▸ **What you have to do**
Transcribe all the entries word for word, omitting any pictures they contain.

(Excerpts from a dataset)
================================
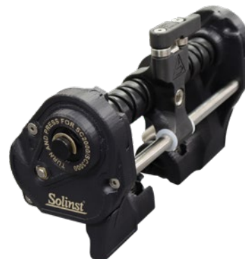
Solinst Model 101 Lateral Winder (#116671)
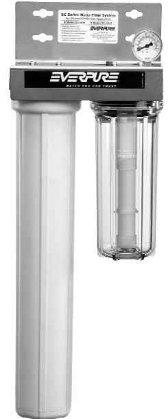
Figure 2 - SC-1021 System
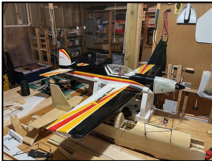
The Ultra Sport 40+ is getting close!

I also had to acquire a new cowl since the original was too short. In order to get the CG correct, I even have to mount the new LiFe battery above the engine under the cowl, plus a few ounces of lead and a Higley heavy hub hidden under the spinner. Phew!
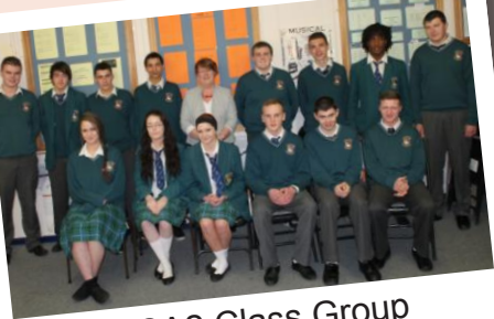
LCA2 Class Group
================================
▸ **Finished task**
Solinst Model 101 Lateral Winder (#116671)
Figure 2 - SC-1021 System
The Ultra Sport 40+ is getting close!

I also had to acquire a new cowl since the original was too short. In order to get the CG correct, I even have to mount the new LiFe battery above the engine under the cowl, plus a few ounces of lead and a Higley heavy hub hidden under the spinner. Phew!
LCA2 Class Group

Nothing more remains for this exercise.